QXL, Ricardo Form European Web Auction Giant

SAN FRANCISCO (05/17/2000) - QXL.com PLC on Tuesday said it was merging with German rival ricardo.de AG, uniting two of Europe's biggest auction Web sites against the growing threat from eBay Inc. The combined company, to be called QXL ricardo PLC, will have 1.3 million registered users and a multilingual range of Web sites spanning the continent.

The merger might present the first serious challenge to eBay's hopes of dominating the auction business around the world. The merged company will have a presence in 11 European countries with combined membership of 1.3 million.

But sales on eBay's sites in the U.K and Germany, the two European countries where the San Jose, California-based has operations, have surpassed those of Ricardo and QXL combined in those countries. The merger will ensure QXL can survive in the face of U.S. giant eBay's rapid expansion in Europe, said Peter Misek, e-commerce analyst at Chase H&Q.

"They had to do it," he said of QXL's move. "If they fall behind eBay the game's over." The German company's shareholders will receive one QXL share for every ricardo share, valuing ricardo at 1.104 billion euros ($1.01 billion).

That is a 27 percent premium over ricardo's closing price on Monday. Ricardo shareholders will own up to 43.8 percent of the merged group, QXL said in a statement. Ricardo shares rose 20.6 percent to 120 euros on Germany's high-tech Neuer Markt. QXL was unchanged at 180 pence after rising as high as 198. EBay downplayed the threat posed by the QXL-Ricardo alliance.

"The European market is very competitive and QXL has been struggling to make inroads," eBay spokesman Kevin Pursglove in an e-mail to The Standard. "We have been anticipating some level of consolidation because so many of eBay's competitors do not have profitable business models." Pursglove said eBay's European users bought and sold more than $86 million in the first quarter, though some of those transactions took place on eBay's US site. Pursglove said the combination of the US site and European sites makes eBay stand out from the competition.

"As we move into new markets we are providing users a global marketplace plus a vibrant local trading community," he said. QXL's leadership of the European online auction market has been undermined by eBay's launch of British and German versions of its Web site. EBay entered the European market last year launching a site in the U.K and acquiring Germany's leading person-to-person auction site, alando.de, in June. The company has since launched sites in Japan, Australia and Canada, and has set its sights on France, home of eBay founder Pierre Omidyar. Company executives have said that international expansion is one of eBay's key goals as it seeks to sustain its brisk growth rate. In addition to person-to-person auctions, eBay launched its first business-to-business auction site, eBay Pro, in Germany earlier this year. The site competes with Ricardo.de's business-to-business site. EBay's European users grew by 52 percent to number 966,100 in the first quarter, though Misek said the figures included Europeans registered at its U.S. site. QXL had more than 500,000 users at the end of last year, its most recent figures. EBay said gross sales from its German and British sites surged to $86.92 million in the first quarter, dwarfing QXL's 5.2 million pounds ($7.87 million) in 1999's fourth quarter. Despite EBay's strong brand, QXL had an advantage in powerful technology that allowed it to roll out sites in different languages across Europe, Misek said.

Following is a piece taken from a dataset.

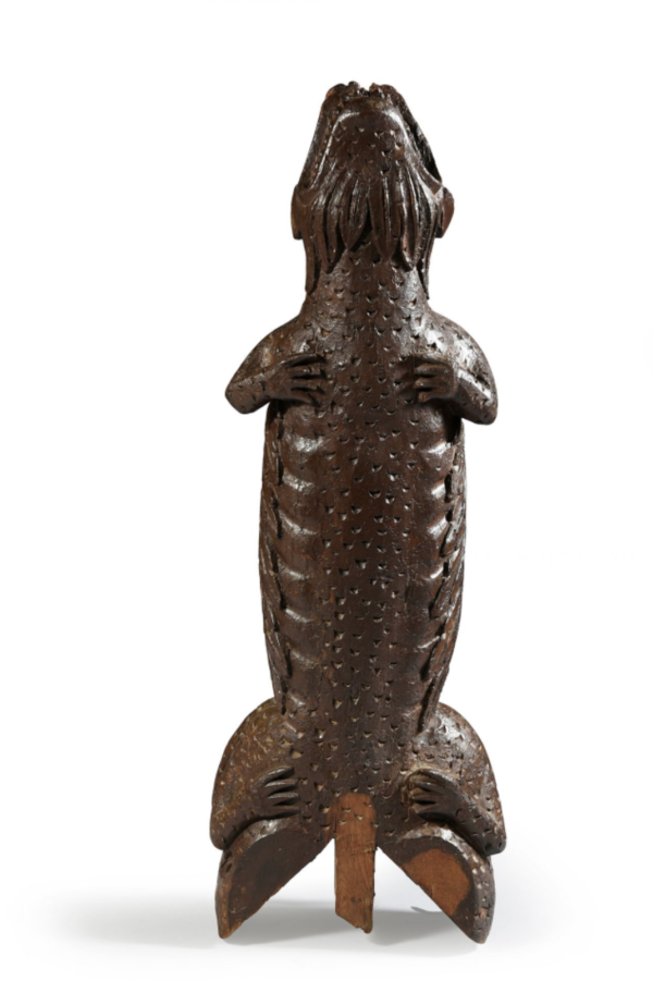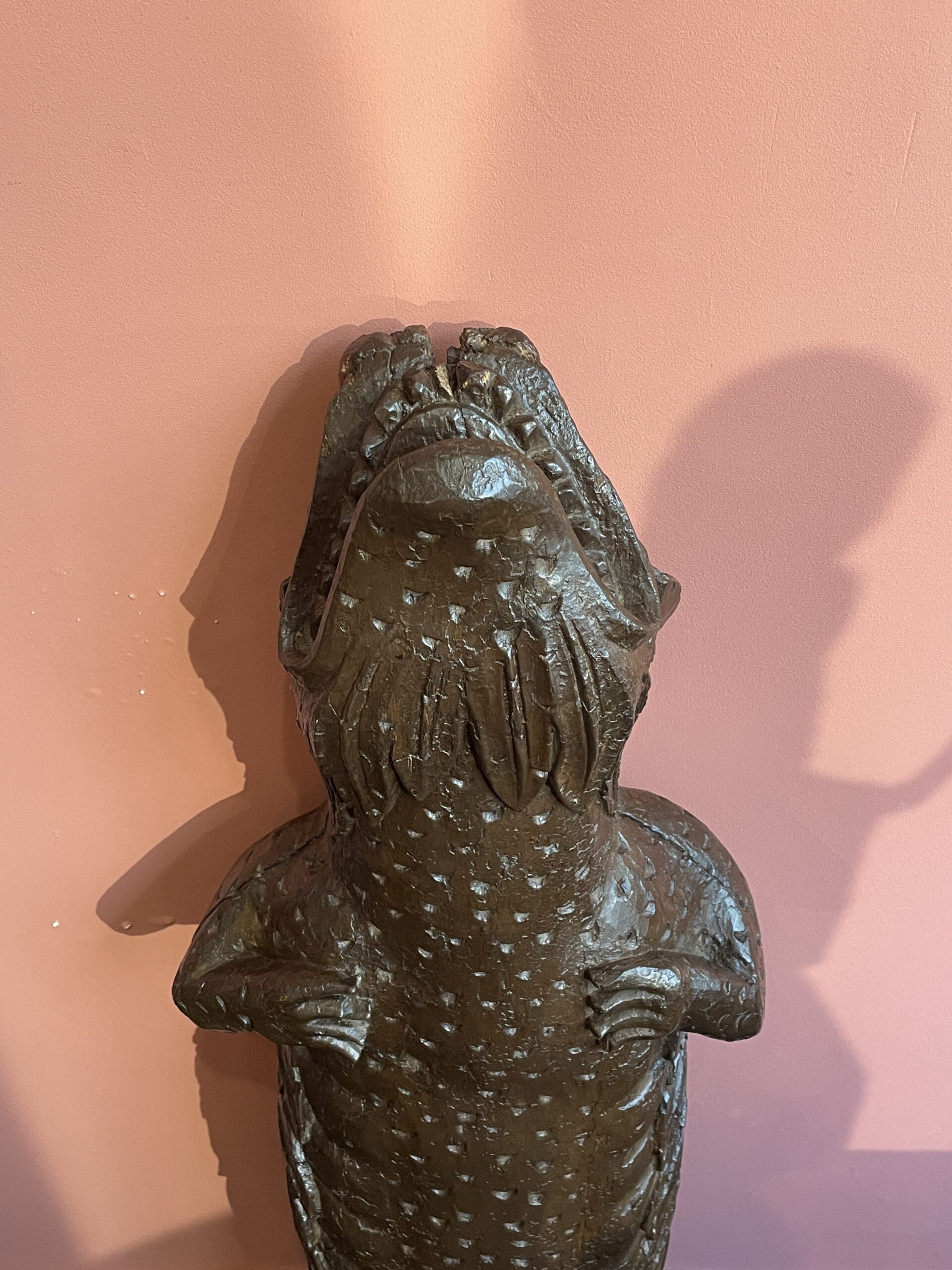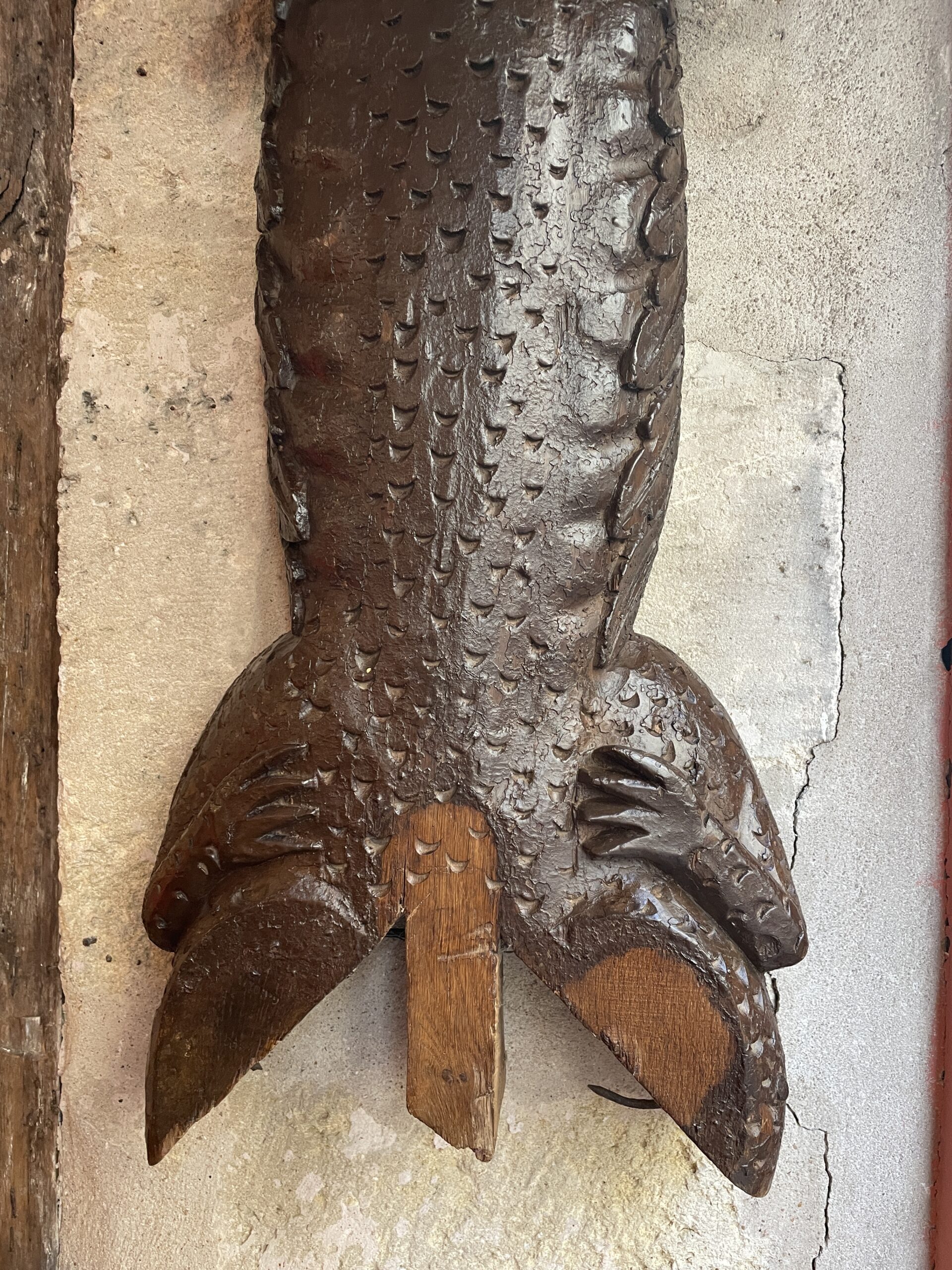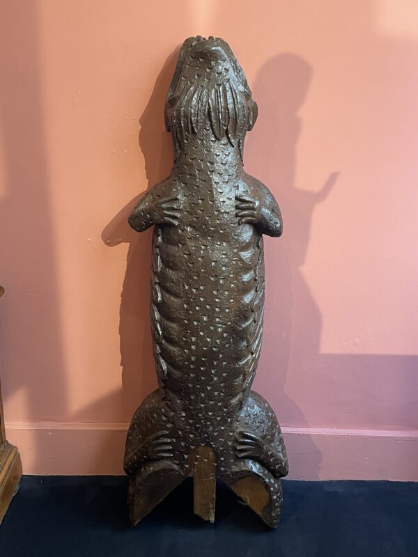 Cet élément en bois massif de chêne était probablement placé à l’extérieur, au niveau des charpentes apparentes d’une maison normande. Figurée de face, elle est traitée de manière stylisée. Les écailles se dessinent sur tout son corps tandis que ressortent les franges de son col. Elle descendait du colombage, tête vers le bas.

Still, EBay also plans to start up in France, Italy and Scandinavia. QXL Chief Executive Jim Rose said ricardo's leadership of the German market and its operation in Switzerland, where QXL is not present, made the company a good fit. Both had similar business models, he said in a telephone interview, running business-to-consumer auctions as well as consumer-to-consumer. Both recently starting charging users to auction their goods. Launched in July 1998, ricardo has more than 670,000 registered users in Germany, Switzerland and Britain. Its German site auctioned goods worth 48.4 million marks ($22.61 million). Rose said other recent QXL acquisitions took the combined users figure to 1.3 million. Rose said there would probably be some integration of the two companies' Web sites after the deal closes around August. "We'll probably take the best of both," he said, citing ricardo's real-time auction technology as one feature QXL may add to its sites. He played down the likelihood of further acquisitions following a spate of purchases in recent months. Rose declined to discuss the company's recent financial performance ahead of its results statement on May 31, but said QXL had $100 million cash on hand.